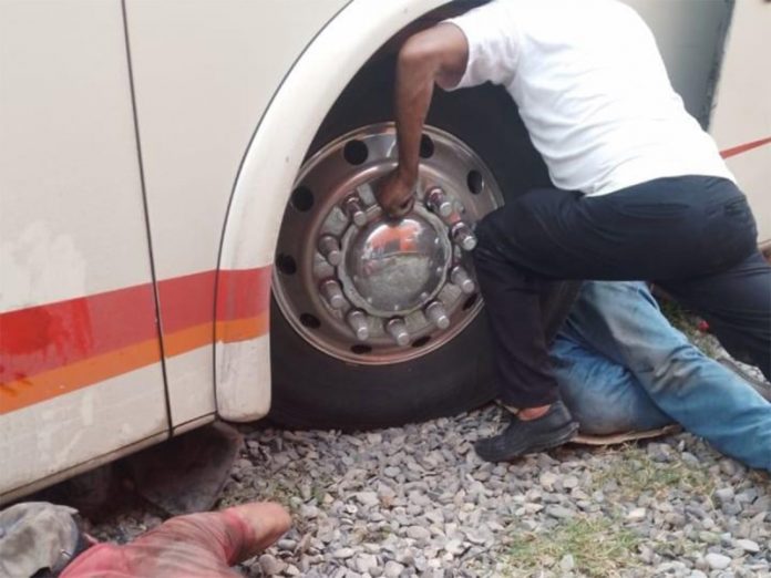Un mecánico, de 50 años de edad, quedó prensado al autobús que revisaba frente a una gasolinera ubicada en Hidalgo; afortunadamente “vivió para contarlo”
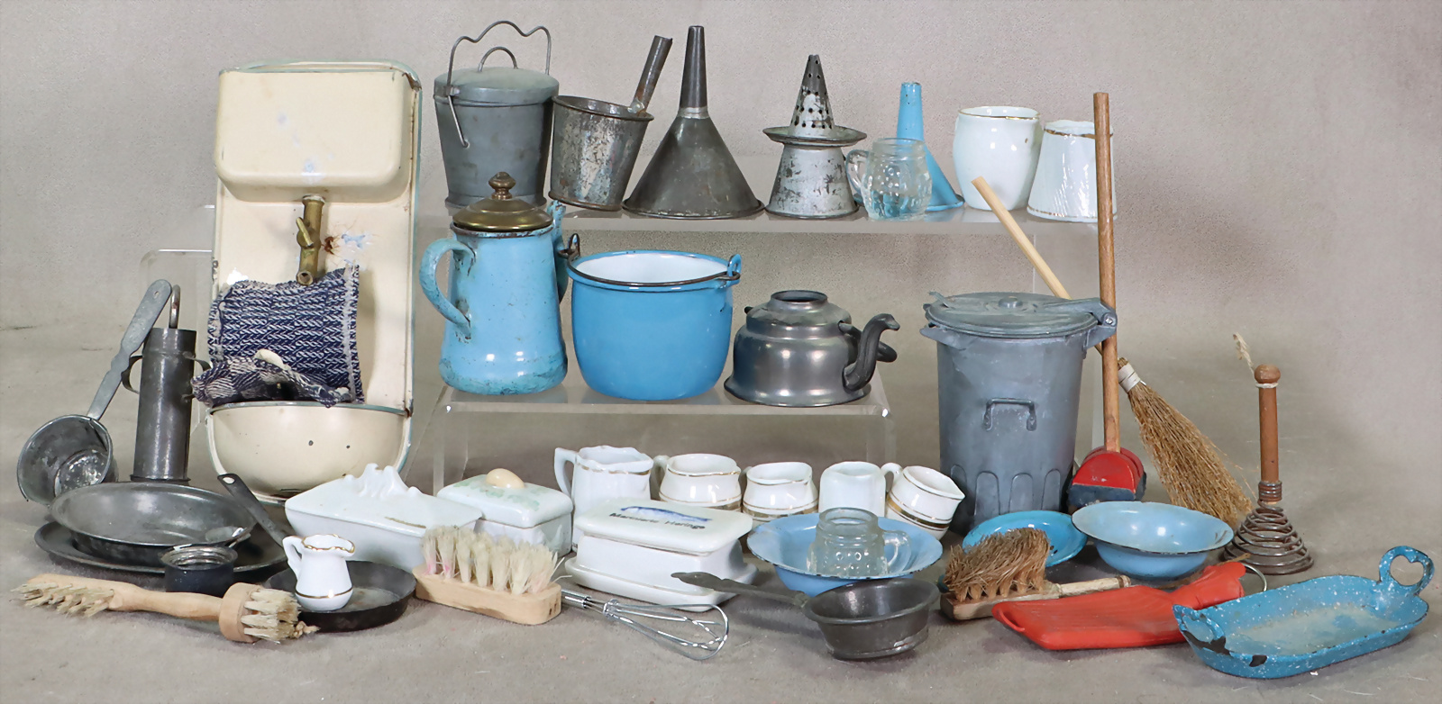 Konv. Puppenküchenteile, Blech, emailliert, Porzellan, Heringsdose, Eierdose, Kehrichteimer, Krüge, Sieb
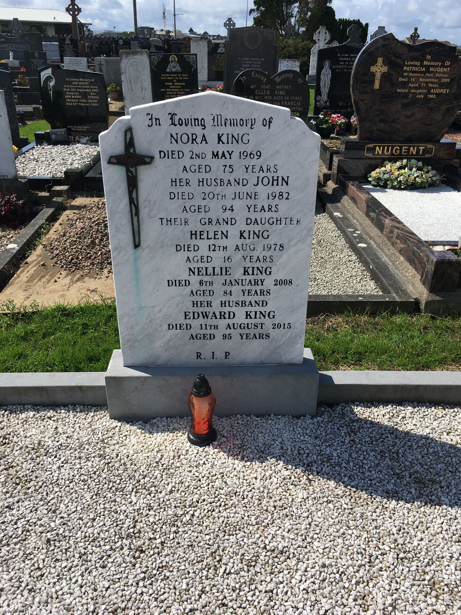 In loving memory of, Nora King, died 2 May 1969, aged 75 years, her husband John, died 20 June 1982, aged 94 years, their grand daughter, Helen King, died 12 Aug 1978, aged 16 years, Nellie King, died 6 Jan 2008, aged 84 years, her husband, Edward King, died 11 Aug 2015 aged 95 years.
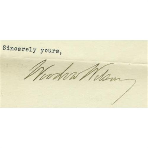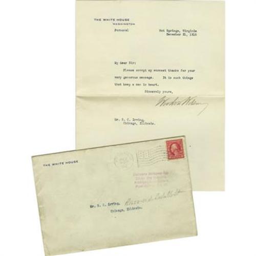 <B>Woodrow Wilson Typed Letter Signed as President</B></I> on White House letterhead marked "<I>Personal</B></I>", one page, 7" x 8.75", Hot Springs, Virginia, Dec. 31, 1915. A brief letter to a Mr. S.C. Irving of Chicago, Illinois: "<I>Please accept my warmest thanks for your very generous message. It is such things that keep a man in heart.</B></I>" Wilson had married Edith Galt on December 18, and is likely responding to congratulations received on his wedding. Accompanied by the original transmittal envelope. Near fine condition. <BR><BR><b>Shipping:</b> Flat Material, Small (<a target="_blank" href="http://www.heritageauctions.com/common/shipping.php">view shipping information</a>)
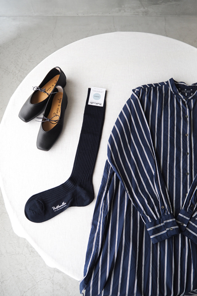 膝下まである長めのハイソックスは、足元をあたたかく包み込んでくれます。
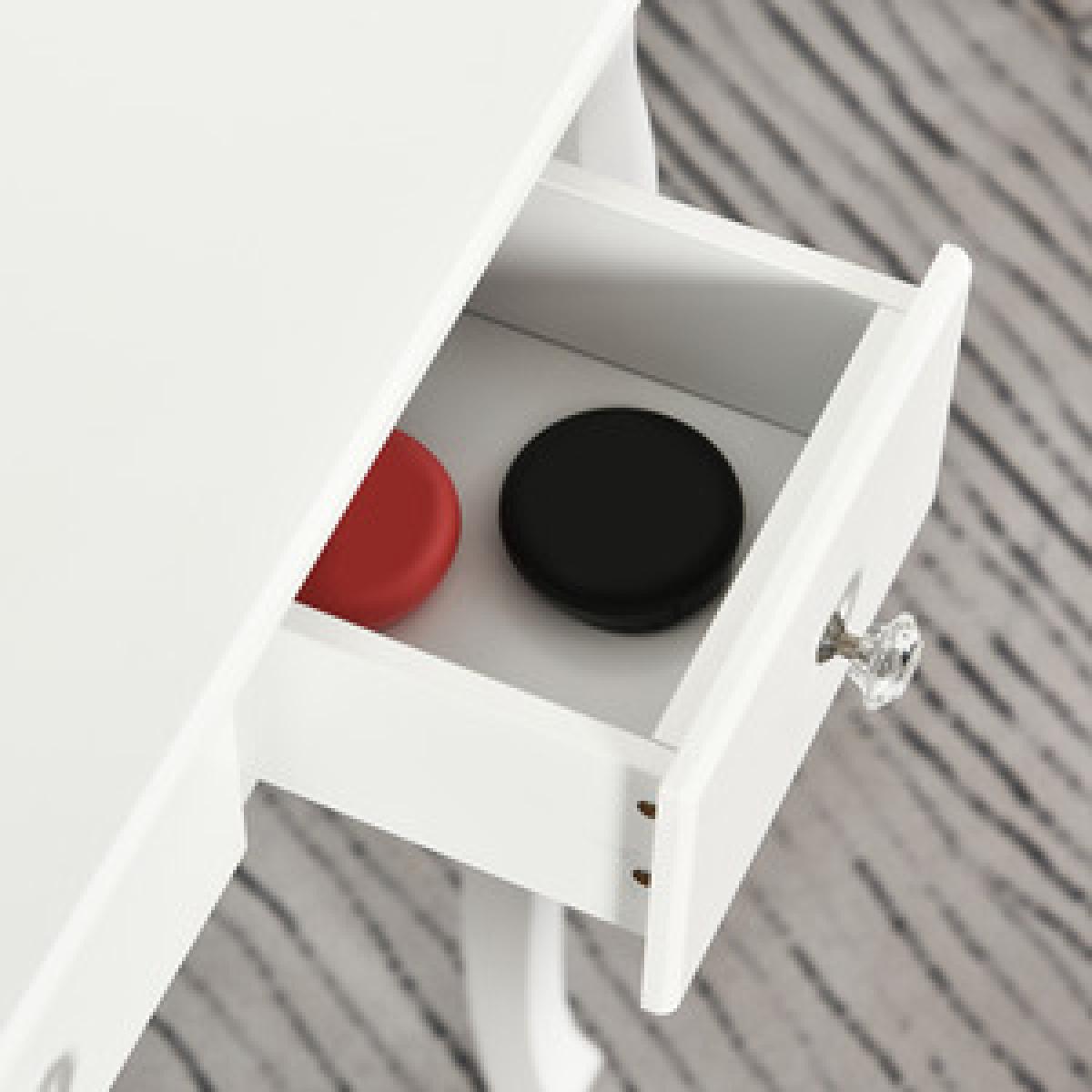 I love this dressing table set for its clean, classic look that can suit a variety of interiors, from vintage-inspired to modern minimalist schemes. Its white finish makes it versatile and easy to style, complementing both neutral palettes and pastel accents. The five drawers offer practical storage for everyday makeup and accessories, while the cushioned stool keeps things comfortable for daily routines. To style it effectively, consider adding a few personal touches like minimalist organisers, a small plant or scented candle, and a tricky mirror to reflect light and create a fresh, airy feel. This piece works particularly well in bedrooms or dressing rooms that aim for a neat, elegant aesthetic without overwhelming the space.
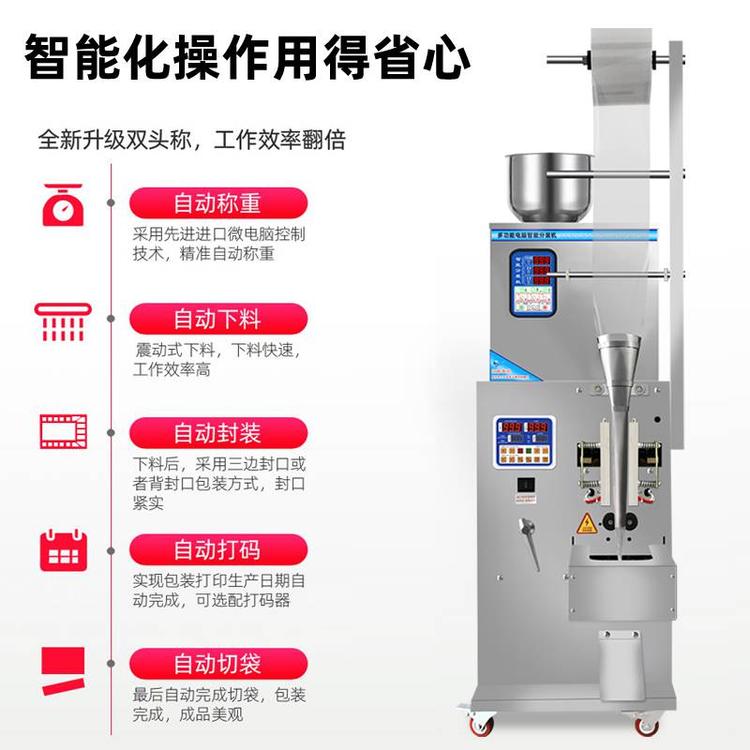 200克食品全自动智能包装机推荐上海铸衡工厂销售食品全自动包装机是结合了我司先进包装技术,性能更稳定功能更强大,是一款集自动制袋装袋封口于一体的新型电子机械产品,让用户真正感受科技创新的魅力。包装机适用于食品、医药、化工产品中的松散、无粘性、颗粒状物料的自动包装,如:花生、瓜子、麦片、碎干食面、冲剂、干燥剂、味精、白糖、食盐、洗衣粉等。

========================================

Starting at the line above that contains "In loving memory", transcribe every line exactly through the line that contains "膝下まである長めのハイソックスは、足元をあたたかく包み込んでくれます。", including that last one, and skip the pictures.

- Finished exercise -
 In loving memory of, Nora King, died 2 May 1969, aged 75 years, her husband John, died 20 June 1982, aged 94 years, their grand daughter, Helen King, died 12 Aug 1978, aged 16 years, Nellie King, died 6 Jan 2008, aged 84 years, her husband, Edward King, died 11 Aug 2015 aged 95 years.
 <B>Woodrow Wilson Typed Letter Signed as President</B></I> on White House letterhead marked "<I>Personal</B></I>", one page, 7" x 8.75", Hot Springs, Virginia, Dec. 31, 1915. A brief letter to a Mr. S.C. Irving of Chicago, Illinois: "<I>Please accept my warmest thanks for your very generous message. It is such things that keep a man in heart.</B></I>" Wilson had married Edith Galt on December 18, and is likely responding to congratulations received on his wedding. Accompanied by the original transmittal envelope. Near fine condition. <BR><BR><b>Shipping:</b> Flat Material, Small (<a target="_blank" href="http://www.heritageauctions.com/common/shipping.php">view shipping information</a>)
 膝下まである長めのハイソックスは、足元をあたたかく包み込んでくれます。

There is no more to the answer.